Longe da guerra - Cinema


Longe da guerra - Cinema

José de Matos Cruz

Ao contrário do que havia sucedido noutros períodos marcados pelas circunstâncias político-militares, as ocorrências da Guerra Colonial não tiveram, no cinema português, uma significativa incidência directa, em actualidades ou reportagens. Por dois motivos principais: a influência da censura e a importância sucedânea da televisão.

Em alternativa, o documentarismo africano mereceu um expressivo incremento graças ao apoio oficial, especialmente sobre Angola e Moçambique, em múltiplas vertentes - sociais, económicas, turísticas, de ensino - numa dinâmica de progresso e desenvolvimento.

Por outro lado, desde meados dos anos 1960, a Guerra Colonial reflectiu-se na área ficcional da nossa cinematografia, em longas metragens - tal como se abordará, pelo decurso cronológico. Em causa, sobretudo, os conflitos individuais - com argumento do realizador, nos filmes não discriminados - que se repercutem pelo envolvimento familiar e comunitário através das convencionais implicações dramáticas ... Assim, «29 Irmãos» (1965, Augusto Fraga) - com argumento de Manuel Frederico Pressler - baseia-se num caso verídico, ocorrido em 1963: após dois anos a combater em Angola, lIídio (José de Castro) regressa à aldeia onde Maria, sua noiva, se mostra indiferente, por vocação religiosa.

Baseado em «Caminhos», de Reis Ventura, «A Voz do Sangue» (1965, Augusto Fraga) reconstitui a saga duma família em Angola, entre os anos 1940 e 1961, culminando no dilema dum advogado e oficial (Heitor Gomes Teixeira), que, em tribunal, tem de defender um homem que ignorava ser seu pai.

«Mudar de Vida» (1966, Paulo Rocha) centra-se numa comunidade piscatória - Furadouro - aonde regressa Adelino (Geraldo d'EI Rey), após cumprir o serviço militar em África, descobrindo casada a mulher que amava.
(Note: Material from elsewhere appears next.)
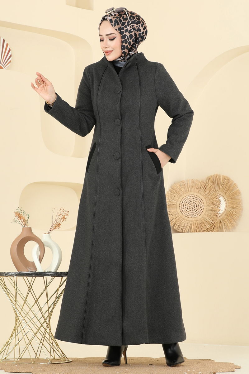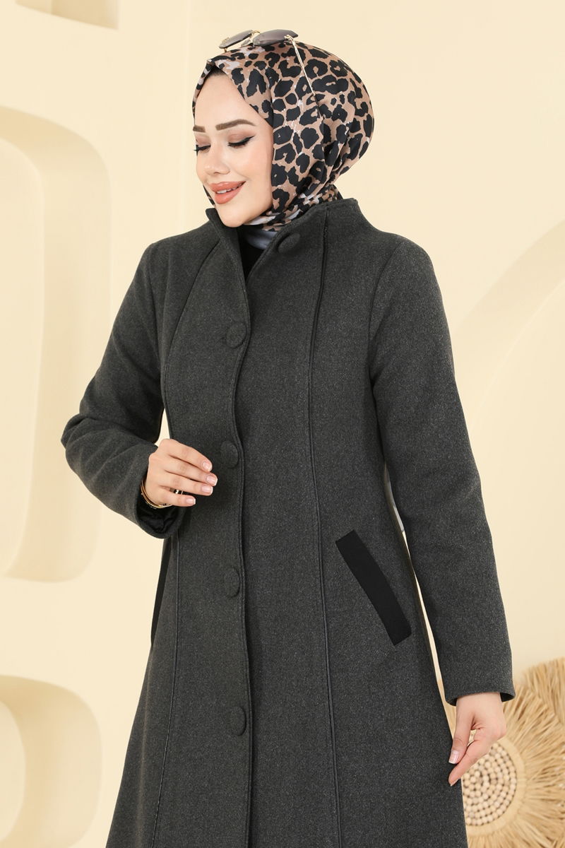 Şerit Detay Kaşe Pardesü 1173OZT1013-MS Antrasit
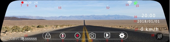 8.录像时间:正常录像下显示录像时间,默认为1分钟,可在设置界面选择循环录影更改时间,非录像状态会隐藏。

Ao estilo de comédia, «O Amor Desceu em Pára-Quedas» (1968, Constantino Esteves) - com argumento de Aníbal Nazaré e António Cruz - relata as peripécias de Jorge (António Calvário), ex-fuzileiro em Angola, que se emprega como mordomo na sua própria casa, em São Pedro do Estoril!

Documentário longo e em 70 mm, produzido pelo Serviço de Informação Pública das Forças Armadas, «Angola na Guerra e no Progresso» (1971, Quirino Simões) baseia-se em «Aquelas Longas Horas», de Manuel Barão da Cunha, incluindo uma síntese dos acontecimentos de 1961 e a subversão no Leste a partir de 1967.

«Grande, Grande Era a Cidade» (1971, Rogério Ceitil) segue a deambulação de dois jovens por Lisboa - o mais velho, António (José Silva Amador), feito na guerra em África -, tentando a sua sorte, com as mulheres e quanto ao destino.

Incompleto ficou, «Os Caminhos da Verdade» (1972, Michel Ribó), acompanhando Marco (Rui Gomes) de regresso a Lisboa - após a guerra em África -, onde encontra um antiquário e a sócia, parecida com a sua própria mãe.

Um outro mancebo, João (João Mota) é «O Mal Amado» (1972), de Fernando Matos Silva - argumentista com Álvaro Guerra e João Matos Silva - para quem a jovem patroa transfere uma paixão frustrada pelo irmão morto na Guerra Colonial.

Em «Perdido por Cem...» (1972, António Pedro Vasconcelos), Artur (José Cunha) vê a mulher que ama ser assassinada pelo ainda namorado, que cumprira o serviço militar em Angola...

Após o 25 de Abril de 1974, outras foram as perspectivas e implicações. Para a RTP, «Adeus, até ao Meu Regresso» (1974, António Pedro Vasconcelos) testemunha - a propósito das mensagens de Natal para as famílias, através da televisão - alguns casos significativos, entre os milhares de soldados que combateram na Guiné.

Alegoria sobre Portugal - um universo opressivo, em tempo de fantasmas - «Os Demónios de Alcácer-Quibir» (1975, José Fonseca e Costa) culmina com uma carga policial no Alentejo, enquanto a negra África, de arma em punho, se afasta no horizonte livre.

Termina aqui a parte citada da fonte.